Though he has enjoyed a great deal of success in his life, it has also dealt him some very harsh blows. Patricia Neal had a stroke when she was expecting their youngest child, Lucy, who is now sixteen. The story of her recovery has brought hope and strength to many stroke patients. Her recovery took between two and three years; that it succeeded so well was in large measure due to Dahl’s determination that she would get well, and the way in which he virtually masterminded her recovery.

“I just organised it,” he says, “with a lot of help from amateurs.” As a result there is now a very impressive organisation for helping stroke victims, with about 35 branches, all over Britain and Northern Ireland. Each branch has about 100 members, and all the work is voluntary, except for a paid supervisor. It’s allied with the Chest and Heart Association and it’s called the Volunteer Stroke Scheme. “Our members move in when any stroke case, is discharged to go home. The doctors call us as soon as the patient is due to leave the hospital, and say ‘so-and-so is going out, can you do something?’”

He had five children, but one died as a result of a measles complication. His son Theo, now 21, suffered brain damage in an accident when he was a baby. The valve which was developed to help him now carries the Dahl name, and is widely use for patients with similar problems. “I didn’t invent it,” Dahl says, “I just spurred on its invention.”

He has collected paintings almost all his life, “even when I couldn’t afford anything. Before I was married I’d sell a story to the New Yorker, get $2,000 and go straight out and buy a picture, and then take a long time to write the next story and so have to sell the picture. Many paintings that today could be acquired only by billionaires decorated my walls for brief periods in the late 1940s: Matisses, enormous Fauve Rouaults, Soutines, Cezanne watercolours, Bonnards, Boudins, a Renoir, a Sisley, a Degas landscape. In the end I finally managed to keep one or two, and they built up.

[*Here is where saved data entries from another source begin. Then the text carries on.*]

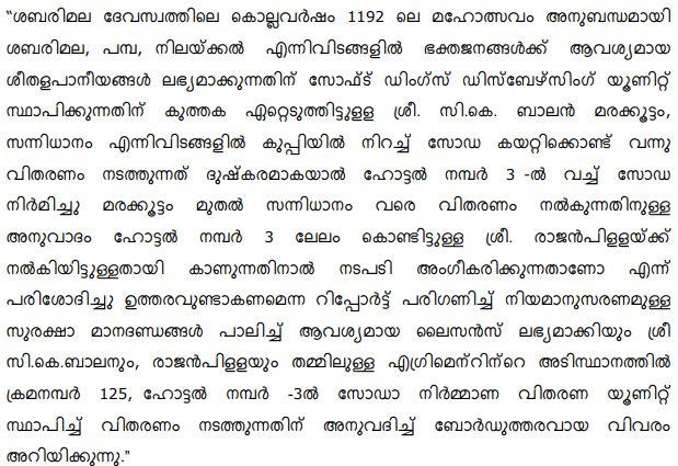 The petitioner, who is a Kuthaka holder in respect of Kuthaka item No.136 in the list of Kuthaka items, which forms part of the e-tender notification dated 19.07.2024 issued by the additional 5th respondent Devaswom Commissioner, Travancore Devaswom Board, in respect of Sabarimala Devaswom, for the year 1200ME (2024-25), who has been issued with Ext.P7 Kuthaka certificate No.196/24 dated 15.11.2024 by the 3rd respondent Executive Officer, Sabarimala, has filed this writ petition invoking the writ jurisdiction of this Court under Article 226 of the Constitution of India , seeking a writ of mandamus commanding the 2nd respondent Travancore Devaswom Board and the 3rd respondent Executive Officer to grant him permission to operate a soda manufacturing and distribution unit during Mandala- Makaravilakku festival season of 1200ME (2024-25) and to issue necessary order, licence or permit without any delay. The petitioner has also sought for a writ of mandamus commanding the 2nd respondent Board to consider Exts.P4 and P5 applications dated 17.11.2024 and Ext.P6 application dated 20.11.2024, after affording him an opportunity of being heard, within a time lim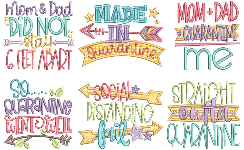 *Please note that the following designs contain applique components:Ā Made in quarantine / Mom + Dad + quarantine = Me / Social distancing fail / Straight outta quarantine / So.....quarantine went well.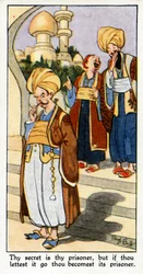 Maruf in de grot: Verhaal van Ma'ruf de redder 'De duizend-en-een-nachten' (de 1001 nachten of Le mille e una notte, Arabische Nachten), Chromolithografie uit de late 19e eeuw(Maruf in the cave: Tale of Ma'ruf (Maruf) the saver “The thousand and one nights” (the 1001 nights or Le mille e una notte, Arabian Nights), Chromolithography of the end of the 19th century.)Unknown artist |

“I have very good pictures, which I bought because I loved them and usually they were cheap, a long time ago. Now I’ m saddled with a collection of immense value, which I don’t like very much. I refuse to insure them, because that makes you think of the money side of it. To hell with it - I never insure anything. I think one should only insure something if its loss is going to alter your life standards: I’ll ensure my house, but not the contents. I’ll insure my life, because there is no way at all in which I can profit from it myself.”

He has a Van Gogh, “and I think he’s a genius, the genius of all time. I wouldn’t have a Leonardo, although they’re wonderful; I wouldn’t have a Renoir. I had a love affair with the Russian revolutionary painters, Malevich, Rodchenko , Tatlin , Popova, Ermilov - they ‘re very rare and marvellous and I was lucky to pick them up, years ago. I have an early Bonnard, which he did when he was doing his military service, aged 18. I have a number of Francis Bacons - I bought a lot of him in his younger days and they’re now immensely valuable. I have a number of paintings by Sir Matthew Smith. We became very great friends during the war.”

To him, being a short story writer means that you have to have a wide variety of deep and absorbing invests. He is an expert on pictures, especially modern paintings, and on furniture, especially English 18th century furniture. Carved wood is one of his passions, and he has a six-foot, 18th century Chippendale mirror in his bedroom - “a marvellous thing. You used to buy those for £80 thirty years ago, you see, and then. I learned to water-gild which very few people do now. I’m a water-gilder. That’s the way all gold leaf was put on in the 18th century. It’s a very extraordinary process, and you use rabbit-skin glue and French day, and things like that, and little agate tools for burnishing the gold. “

He is also an expert on wine -he has 4,000 bottles in his cellar. He breeds a rare kind of orchid, he has an aviary of parakeets; he loves gardening. And he likes good motorcars - he has a BMW, in which he drives over to France every year “to visit friends who own vineyards, and that’s really my only extravagance, a £14,000car.”